[Records drawn from a dataset]
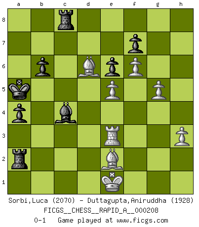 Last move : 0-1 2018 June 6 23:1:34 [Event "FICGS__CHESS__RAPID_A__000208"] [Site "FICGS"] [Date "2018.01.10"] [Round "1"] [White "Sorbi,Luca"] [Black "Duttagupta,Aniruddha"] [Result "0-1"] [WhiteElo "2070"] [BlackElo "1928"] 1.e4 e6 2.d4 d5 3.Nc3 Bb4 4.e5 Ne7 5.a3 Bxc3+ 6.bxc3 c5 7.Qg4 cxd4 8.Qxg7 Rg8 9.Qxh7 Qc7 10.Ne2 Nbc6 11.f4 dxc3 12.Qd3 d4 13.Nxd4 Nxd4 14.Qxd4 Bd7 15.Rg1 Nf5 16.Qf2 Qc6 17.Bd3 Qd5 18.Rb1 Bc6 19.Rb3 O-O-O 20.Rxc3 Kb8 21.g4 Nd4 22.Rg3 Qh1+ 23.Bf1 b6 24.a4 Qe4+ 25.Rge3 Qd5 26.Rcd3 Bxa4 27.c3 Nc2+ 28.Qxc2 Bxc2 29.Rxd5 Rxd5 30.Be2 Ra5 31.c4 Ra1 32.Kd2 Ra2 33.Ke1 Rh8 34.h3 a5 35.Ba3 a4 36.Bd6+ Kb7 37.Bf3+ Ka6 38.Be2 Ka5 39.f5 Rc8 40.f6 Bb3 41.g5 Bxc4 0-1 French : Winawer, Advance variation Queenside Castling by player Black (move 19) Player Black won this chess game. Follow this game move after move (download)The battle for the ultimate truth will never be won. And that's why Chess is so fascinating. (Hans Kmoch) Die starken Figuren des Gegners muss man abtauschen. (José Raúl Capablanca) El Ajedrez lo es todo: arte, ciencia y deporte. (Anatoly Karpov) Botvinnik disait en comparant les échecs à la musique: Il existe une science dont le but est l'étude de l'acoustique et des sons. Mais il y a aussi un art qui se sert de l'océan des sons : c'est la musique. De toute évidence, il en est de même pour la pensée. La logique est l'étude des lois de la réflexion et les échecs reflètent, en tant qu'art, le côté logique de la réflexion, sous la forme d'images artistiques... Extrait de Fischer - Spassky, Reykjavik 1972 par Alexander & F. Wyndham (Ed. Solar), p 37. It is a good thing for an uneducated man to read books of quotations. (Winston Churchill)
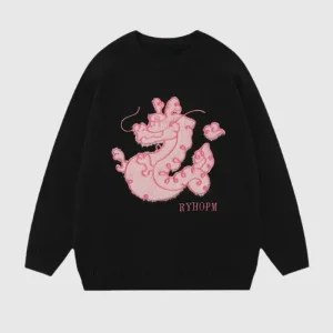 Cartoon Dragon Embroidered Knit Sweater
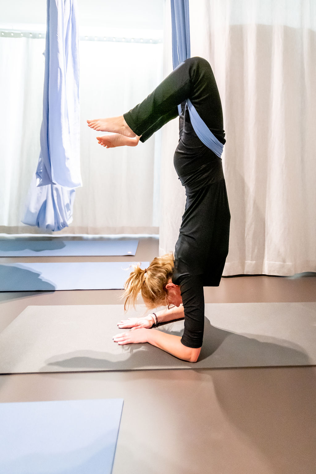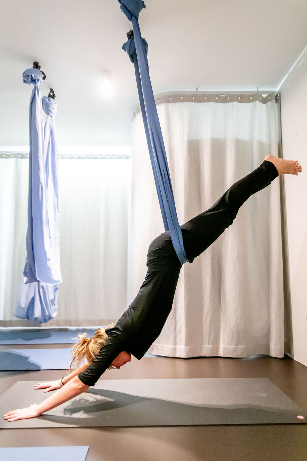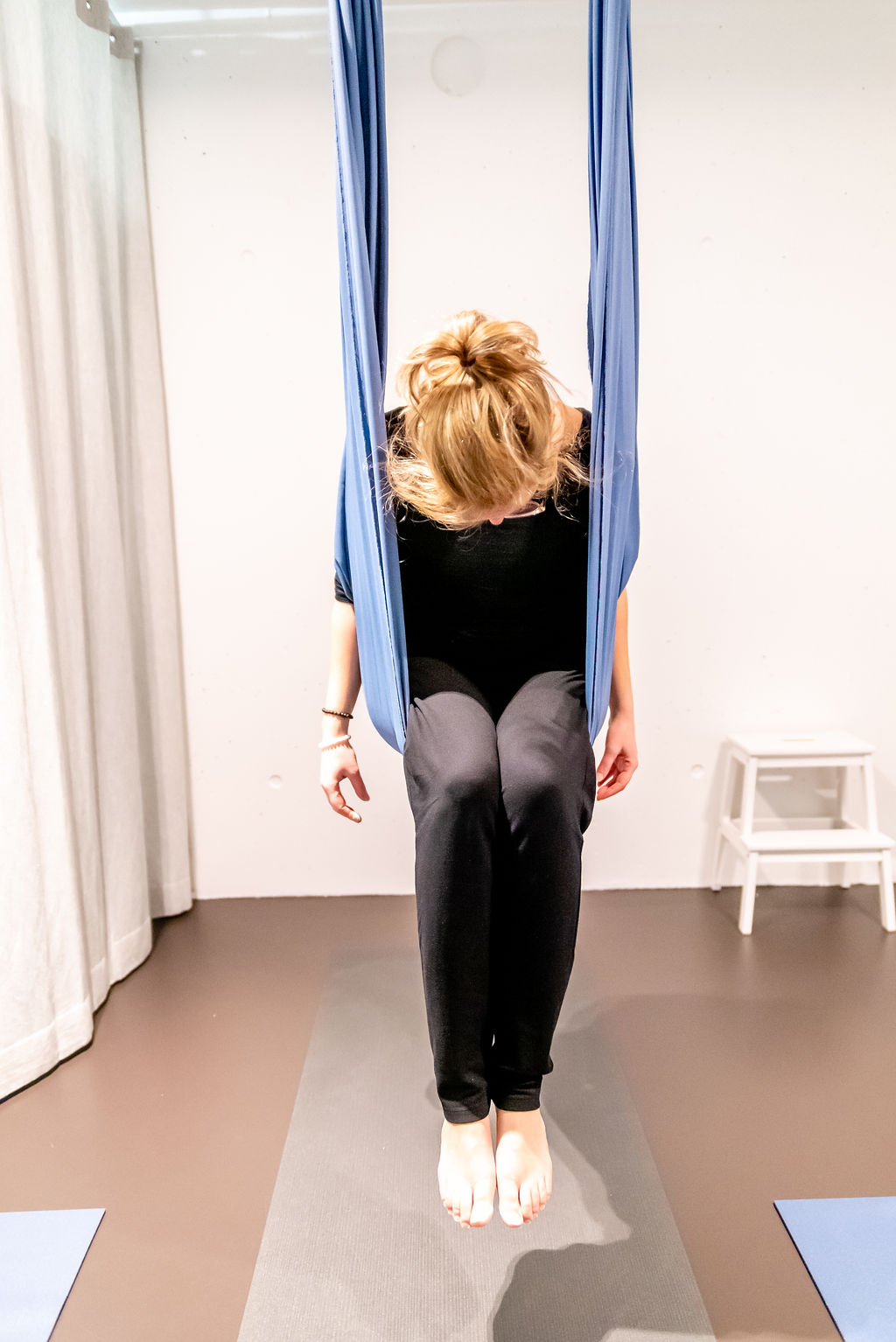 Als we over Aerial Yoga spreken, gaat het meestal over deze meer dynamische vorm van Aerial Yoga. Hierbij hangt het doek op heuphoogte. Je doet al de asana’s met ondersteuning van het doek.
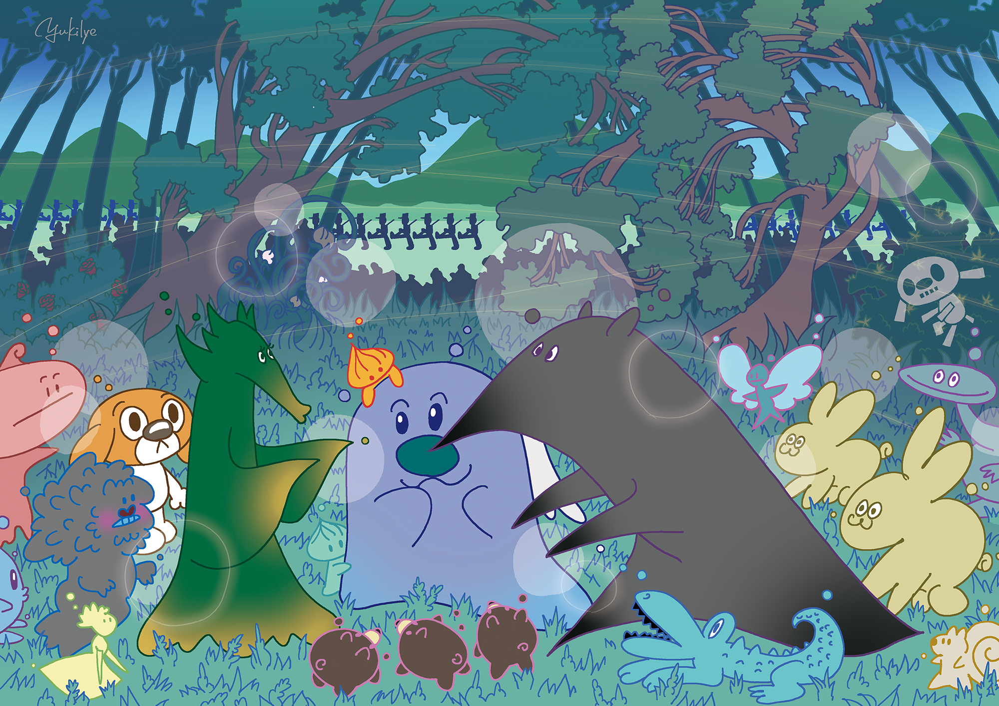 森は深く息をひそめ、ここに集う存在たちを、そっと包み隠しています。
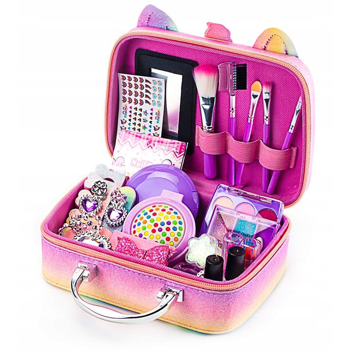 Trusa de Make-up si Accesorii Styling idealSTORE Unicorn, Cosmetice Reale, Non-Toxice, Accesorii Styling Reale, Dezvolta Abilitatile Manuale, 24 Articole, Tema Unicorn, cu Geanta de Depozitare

▸ **WORK TASK**
In the data above, find the line with "Als we over" and repeat it and every line after it through the end, exactly; leave the pictures out.

▸ **ANSWER**
 Als we over Aerial Yoga spreken, gaat het meestal over deze meer dynamische vorm van Aerial Yoga. Hierbij hangt het doek op heuphoogte. Je doet al de asana’s met ondersteuning van het doek.
 森は深く息をひそめ、ここに集う存在たちを、そっと包み隠しています。
 Trusa de Make-up si Accesorii Styling idealSTORE Unicorn, Cosmetice Reale, Non-Toxice, Accesorii Styling Reale, Dezvolta Abilitatile Manuale, 24 Articole, Tema Unicorn, cu Geanta de Depozitare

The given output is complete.